Senator Mohammed Musa has said that Islamic cleric Ahmed Gumi should be invited by security agents for questioning over his affiliation with bandits.
Mr Musa made the statement while speaking on Channels TV’s Politics Today show Wednesday evening.
He mentioned that Mr Gumi has met with these bandits in the forests and he should be able to provide the federal government with information that could help to neutralise their operations.
“I won’t say we know them (bandits). Just as we said, they have cells and they have a kind of leadership structure in their cells,” he said.
“I would recall that one of the renowned Islamic scholars, Sheikh Gumi, was at a time going into the forests to meet with these people.
“I think somebody like Gumi should be asked how he has contacts to reach these people.
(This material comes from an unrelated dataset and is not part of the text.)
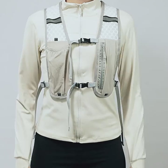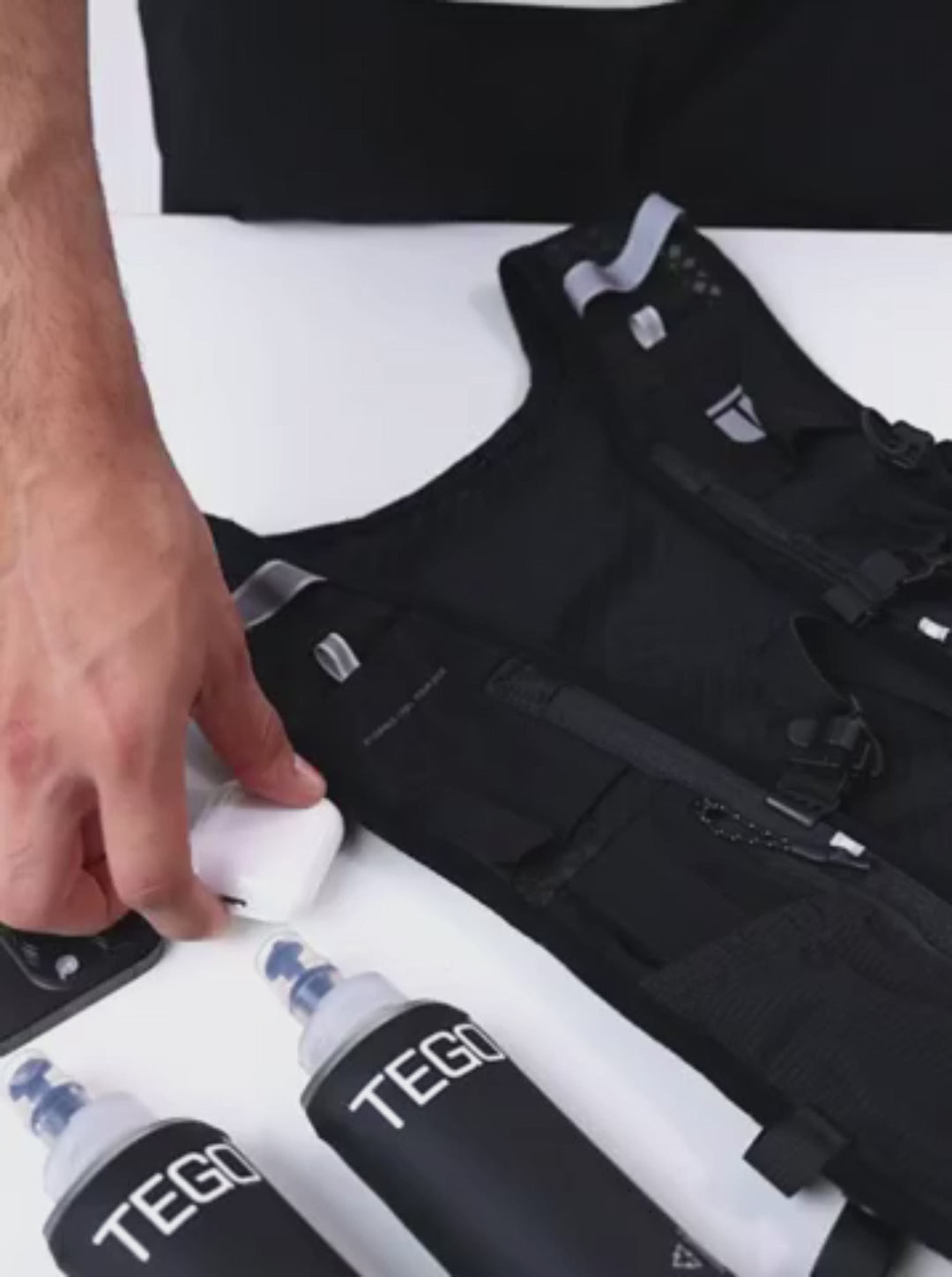 El chaleco cuenta con tres bolsillos frontales ideales para botellas de agua o geles de carrera, manteniéndote hidratado y con energía sin interrumpir tu ritmo.

And if he can reach these people, why is it that he has not been able to help the government to get these people neutralised?”
Mr Musa’s remarks came on the heels of the Senate’s resolution, on Wednesday, that President Muhammadu Buhari regime declare the bandits as terrorists and engage them as such.
The lawmaker says he agrees with the decision of the senate, explaining that the federal government must take a position for the security operatives to strategise their attacks in terrorist zones.
“The federal government have tried all they could to ensure that this menace is controlled, they’ve given the opportunity for these bandits to surrender, some of them say they’ve surrendered and went back, after talking to the government that they’ve surrendered they went back and we felt there is a need for the federal government at this time to take a position, and that position is declaring this bandit as terrorists,” he said.
Mr Musa said the security situation in Niger State has worsened as terrorists who moved into Zamfara have returned to escape military action going on in the neighbouring state.
The senator explained: “It seems they all went back to Zamfara, which seems to be the epicentre of it. So, when they all went back to Zamfara, and the government decided to hit them in Zamfara, they’re now spreading. We had some peace in the last two months, but now, they’re back and they’re very ruthless. So, we also want the government to be very ruthless with them.”